__Source data__:
════════

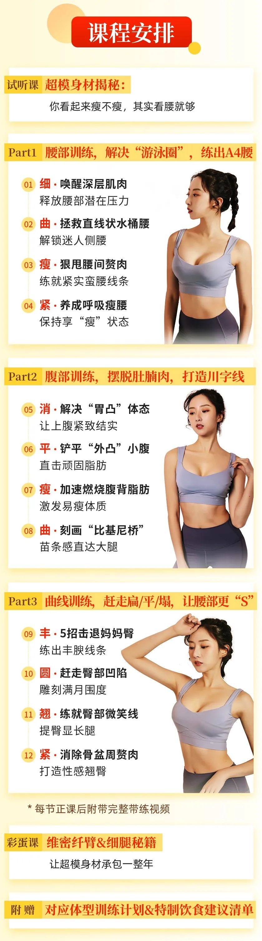 为了让更多人瘦肚全面,额外加入的饮食清单和彩蛋课,一起拥有和若曦老师一样超女神的身材
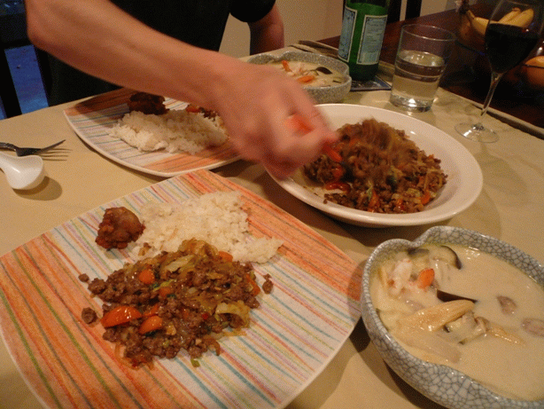 ひき肉 にんにく 玉葱 人参 白菜 春雨を 豆板醤 赤味噌で炒めたもの
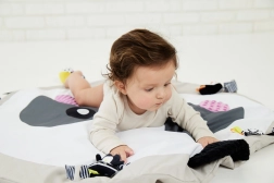 • Development support: high-contrast patterns for vision, textures and crinkle sounds for touch and hearing.
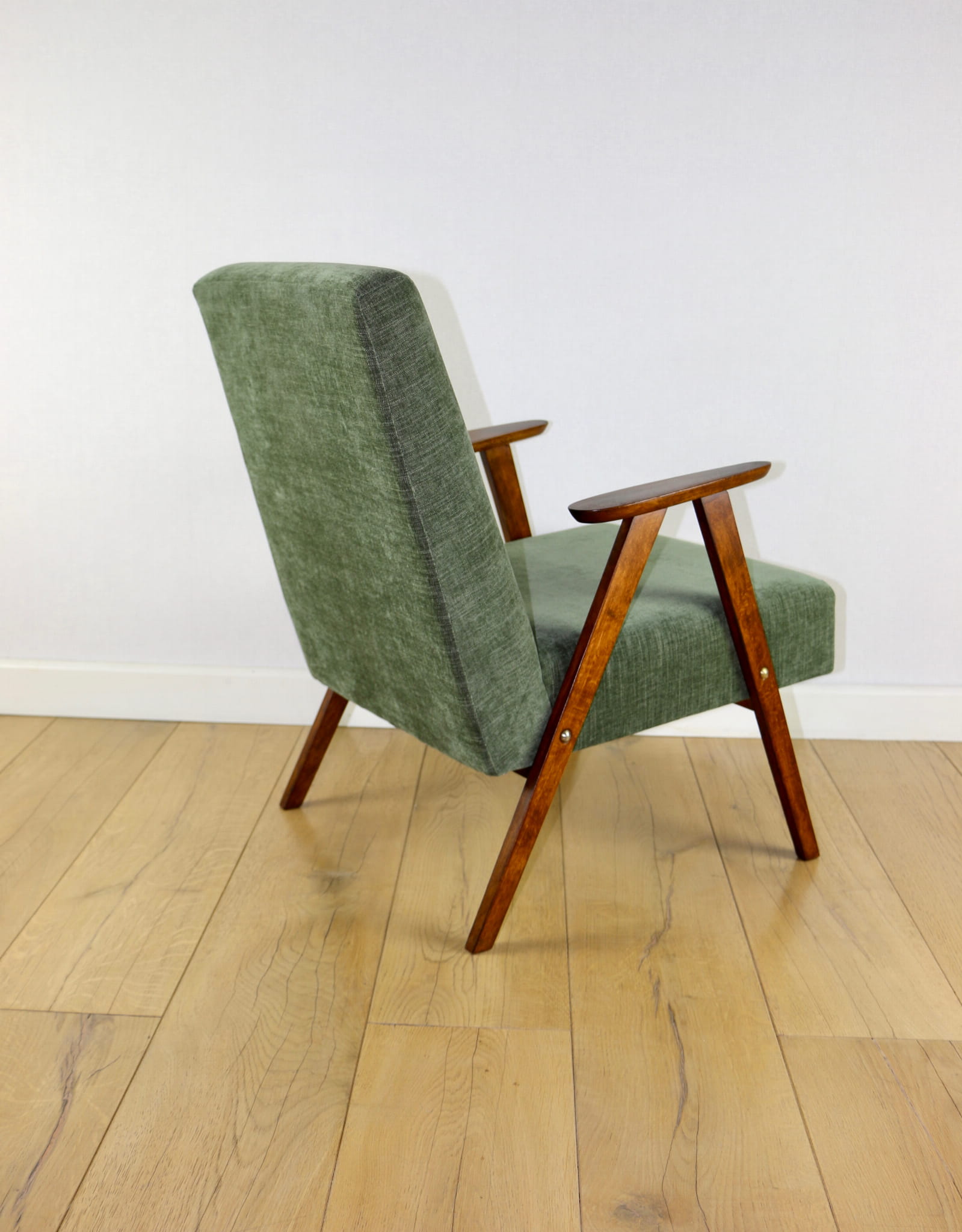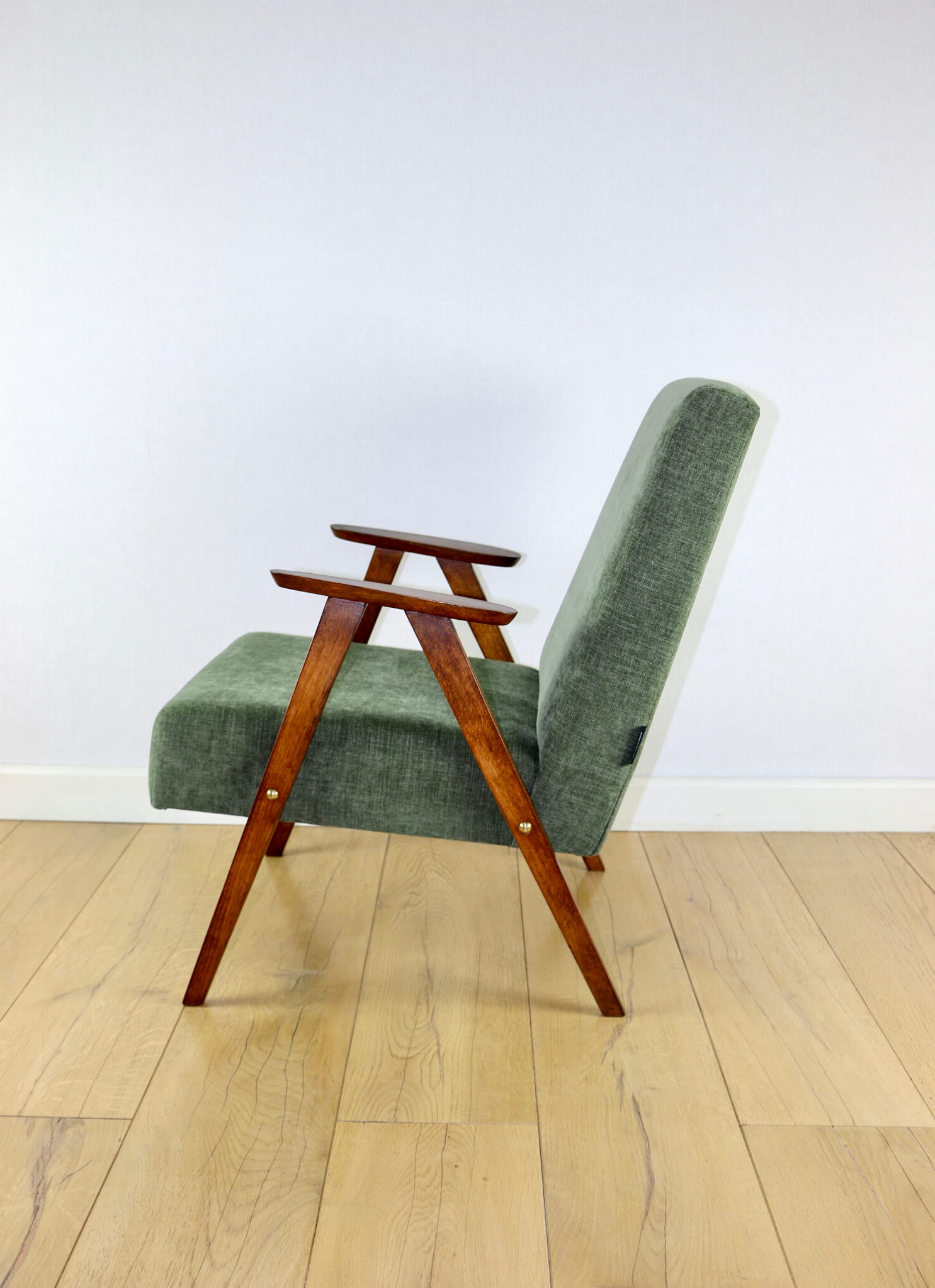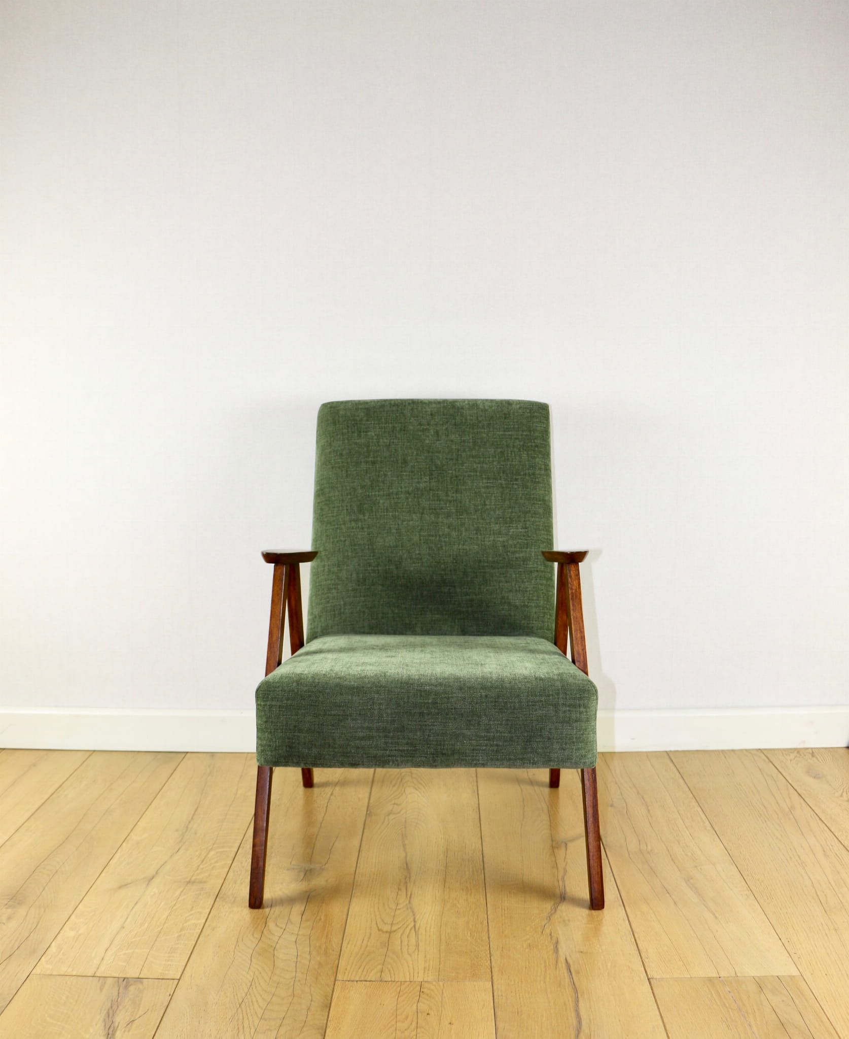 Fotel klasyczny Vintage podobny do fotelu projektu Chierowskiego z lat 70-tych - kolor zielony oliwkowy

════════

Print the data exactly, from its first line to the line containing "touch and hearing.", both included. Omit the pictures.

__Exercise output__:
 为了让更多人瘦肚全面,额外加入的饮食清单和彩蛋课,一起拥有和若曦老师一样超女神的身材
 ひき肉 にんにく 玉葱 人参 白菜 春雨を 豆板醤 赤味噌で炒めたもの
 • Development support: high-contrast patterns for vision, textures and crinkle sounds for touch and hearing.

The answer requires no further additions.